How to Switch Brokerages in Texas: A No-BS Guide
The Short Version
You can switch brokerages in Texas at any time—there's no "contract jail." TREC requires your sponsoring broker to release your license upon written request. The process takes 5-10 business days. The harder part? Knowing whether you're switching to something better or just... different.
What TREC Actually Requires
Let's cut through the myths. Here's what Texas law says:
Your broker must release your license within 10 days of written request. That's it. They can't hold you hostage. They can't charge you an "exit fee" that wasn't in your original ICA. They can't threaten your pending deals.
The process: 1. Submit written termination to your current broker 2. Your broker has 10 days to release your license 3. Your new broker submits a sponsorship request to TREC 4. TREC processes the transfer (usually 3-5 business days) 5. You're active under your new broker
Total timeline: 5-10 business days if everyone does their job.
What About Pending Transactions?
This is where agents freeze up. Here's the reality:
Your pending deals belong to your current brokerage, not you personally. When you switch, you have three options:
- Complete deals before switching - Clean, simple, but not always practical
- Negotiate a referral fee - Many brokerages will pay 25% referral for deals you bring in progress
- Hand off to another agent - Works if you trust someone at the old brokerage
The dirty secret? Most brokerages would rather pay you a referral than deal with unhappy agents dragging deals across the finish line. Negotiate.
The Math Most Agents Don't Run
Before you switch, run these numbers. Seriously—get a calculator.
Scenario: You closed $3M last year
Traditional 70/30 Split: - GCI: $90,000 (assuming 3% avg commission) - Your take: $63,000 - Brokerage take: $27,000
Flat-Fee Model (like RaiderX at $99/month): - GCI: $90,000 - Your take: $88,812 ($90K - $1,188 annual fees) - Savings: $25,812/year
The breakeven point: At just $99/month, flat-fee wins almost immediately. Below that, the math gets murkier—but you should be asking why you're below $800K, not which split is better.
Hidden Costs to Factor In
Your current brokerage might include: - E&O insurance (RaiderX: included) - MLS fees (varies—often $400-800/year) - Tech stack (CRM, transaction management) - Marketing materials - Office space (if you use it)
Run the total cost comparison, not just the split. A "90/10 split" with $500/month in fees and $200/month desk fee is really more like 75/25.
Red Flags When Evaluating a New Brokerage
🚩 They lead with the split, not the support
If the first thing out of their mouth is "we offer 85/15!"—ask what you get for that 15%. Vague answers like "training and support" aren't good enough.
🚩 Complicated fee structures
Monthly fees, transaction fees, franchise fees, technology fees, E&O fees, annual fees... If you need a spreadsheet to understand your costs, that's intentional.
🚩 Pressure to sign quickly
"This offer expires Friday" is a sales tactic, not a business decision. Any brokerage worth joining will give you time to think.
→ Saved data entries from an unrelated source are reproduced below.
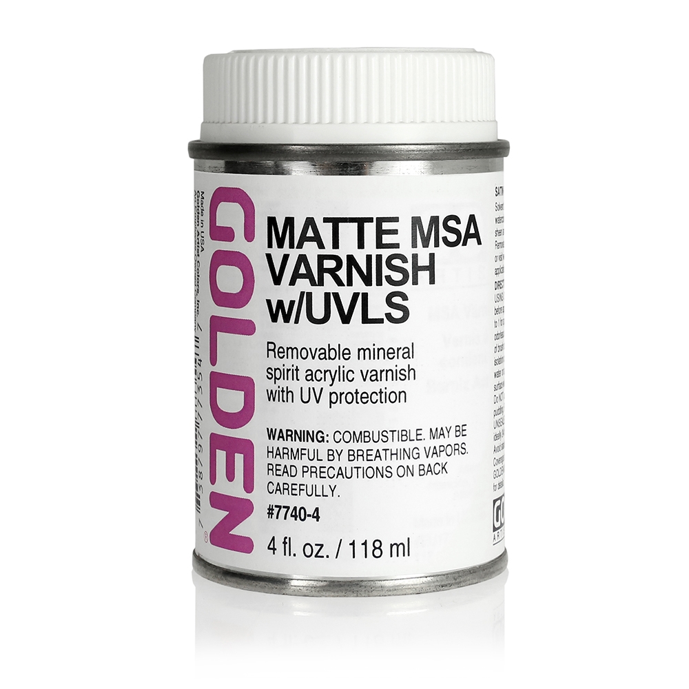 En akryl harpiks på mineralsk terpentin basis. MSA ferniss danner en hardere, mindre gjennomtrengelig overflate enn de vannbaserte akryl emulsjon fernisser. Den hindrer i høyere grad støv og smuss i å trenge ned i overflaten og legger seg som et meget jevnt, beskyttende lag over eventuelle ujevnheter. Kan, når den er tørr, fjernes med mineralsk terpentin. Kan brukes både utendørs og innendørs. Fås som GLOSS, SATIN og MATTE. UEGNET FOR BARN.Finnes både som spray og i flytende form.Golden fernisser er avtakbare, beskyttende produkter som er laget for å beskytte og muliggjøre renhold av malerier. Alle gir en beskyttelse mot ultrafiolett stråling.Viktig: Før du går i gang med fernissering, prøv på et bilde av tilsvarende utførelse som det du vil fernissere.Viktig: Vent minst 12 mnd. før du fernisserer et oljemaleri. Vent minst 1 mnd. før du fernisserer et akrylmaleri.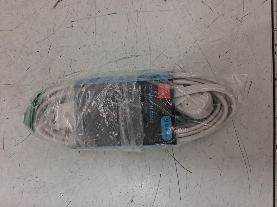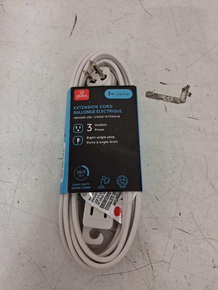 GLOBE ELECTRIC 3-OUTLET INDOOR EXTENSION CORD WITH RIGHT-ANGLE PLUG - GROUNDED - 9.8FT - WHITE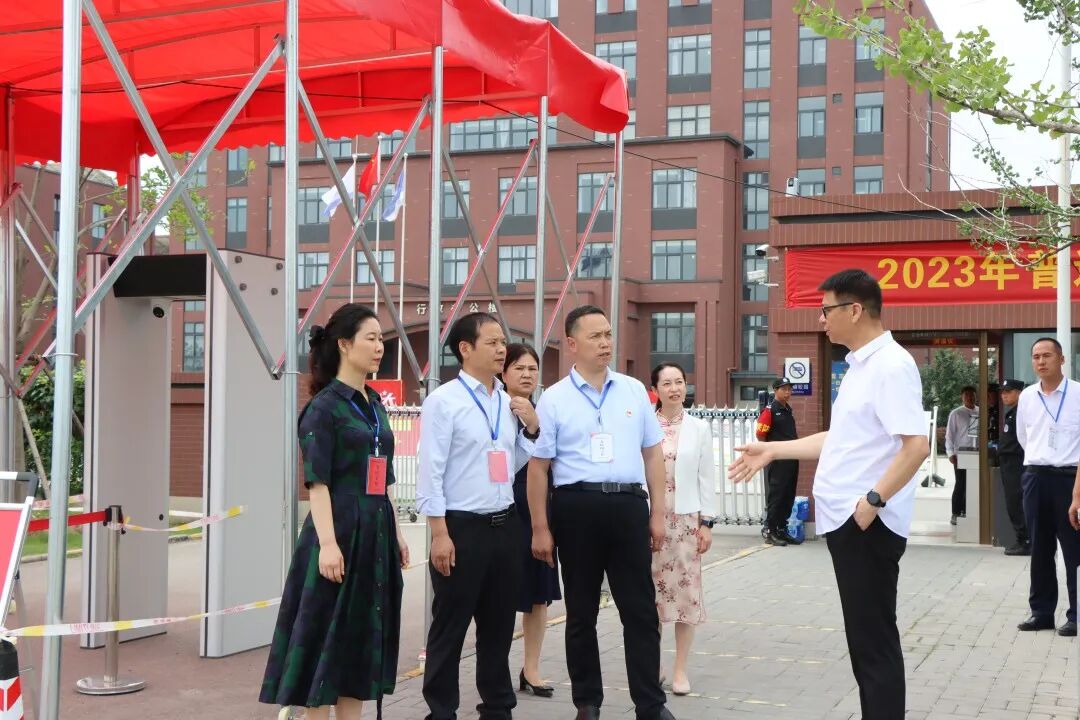 在高考监控室,叶县长通过视频监控系统查看了考场考试情况,看到各环节秩序井然、衔接顺畅,对我校考务工作给予充分肯定,他强调高考是全社会高度关注的一件大事,各相关部门责任重大,要一丝不苟、认真负责落实好各项措施,切实抓好考务工作;要通力合作,全力以赴抓好交通、卫生、安全等后勤保障工作,精心为考生营造安心舒适的考试环境,确保2023年高考工作顺利圆满完成,希望大家用心用情用力做好考生服务保障工作,为每一位考生营造轻松舒适的考试环境,努力让考生满意、让家长放心。

🚩 They trash-talk your current brokerage
Professionals don't need to tear down others to build themselves up.
🚩 No clear answer on support
Ask: "When I have a contract question at 9pm, who do I call?" If the answer is unclear, you're on your own.
Green Flags Worth Paying For
✅ Transparent, simple pricing
You should understand your costs in one sentence.
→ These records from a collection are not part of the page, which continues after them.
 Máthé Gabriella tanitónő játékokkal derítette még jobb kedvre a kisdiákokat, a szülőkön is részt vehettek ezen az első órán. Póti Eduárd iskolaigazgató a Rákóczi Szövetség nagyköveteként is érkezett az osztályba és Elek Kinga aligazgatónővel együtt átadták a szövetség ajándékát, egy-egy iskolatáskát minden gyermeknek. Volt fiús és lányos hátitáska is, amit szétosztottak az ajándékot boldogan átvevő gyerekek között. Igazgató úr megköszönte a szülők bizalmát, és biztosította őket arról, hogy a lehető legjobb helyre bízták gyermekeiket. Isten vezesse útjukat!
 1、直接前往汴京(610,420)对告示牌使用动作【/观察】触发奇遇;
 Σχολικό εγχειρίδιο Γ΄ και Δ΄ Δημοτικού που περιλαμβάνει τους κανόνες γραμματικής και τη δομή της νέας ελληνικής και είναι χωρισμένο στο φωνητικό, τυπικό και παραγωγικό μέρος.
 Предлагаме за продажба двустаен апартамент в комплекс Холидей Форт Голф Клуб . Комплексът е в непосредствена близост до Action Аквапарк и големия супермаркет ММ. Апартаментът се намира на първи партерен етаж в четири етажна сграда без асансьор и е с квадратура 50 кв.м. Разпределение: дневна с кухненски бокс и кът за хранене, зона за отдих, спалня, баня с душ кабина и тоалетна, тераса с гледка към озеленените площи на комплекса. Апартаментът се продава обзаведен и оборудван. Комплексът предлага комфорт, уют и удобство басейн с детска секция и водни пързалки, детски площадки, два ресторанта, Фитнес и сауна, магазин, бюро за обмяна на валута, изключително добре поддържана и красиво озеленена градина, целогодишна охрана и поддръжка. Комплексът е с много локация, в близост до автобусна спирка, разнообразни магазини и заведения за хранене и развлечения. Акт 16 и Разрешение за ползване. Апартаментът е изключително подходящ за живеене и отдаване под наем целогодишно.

✅ Responsive broker support
Test it before you join. Email a question and see how fast they respond.
✅ Modern tech included
Transaction management, e-signatures, CRM basics. You shouldn't pay extra for table stakes.
✅ No production requirements
Some brokerages have minimum transaction requirements to maintain your split. Make sure you know what they are.
✅ They let you talk to current agents
If they won't connect you with other agents at the brokerage, ask why.
The Switch Checklist
Ready to move? Here's your action plan:
Before you give notice: - [ ] Calculate total cost at new brokerage (all fees) - [ ] Confirm E&O coverage and transition - [ ] Understand what happens to pending deals - [ ] Get everything in writing from the new brokerage - [ ] Talk to at least 2 agents already there
When you give notice: - [ ] Submit written termination (email is fine, keep a copy) - [ ] Note the date—broker has 10 days - [ ] Don't burn bridges—you'll see these people again
After the switch: - [ ] Confirm your license is active on TREC's site - [ ] Update your business cards, email signature, and online profiles - [ ] Notify your sphere and active clients - [ ] Set up any new systems (transaction management, etc.)
Bottom Line
- You can switch anytime. TREC mandates license release within 10 days.
- Run the math. Don't switch for a "better split" without calculating total cost.
- Pending deals are negotiable. Push for referral fees.
- Watch for red flags. Complicated fee structures and pressure tactics are warnings.
- The best brokerage is the one that helps you close more deals, not the one with the flashiest recruiting pitch.
Switching brokerages won't fix a broken business. But staying at the wrong brokerage because you're afraid of change? That'll definitely hold you back.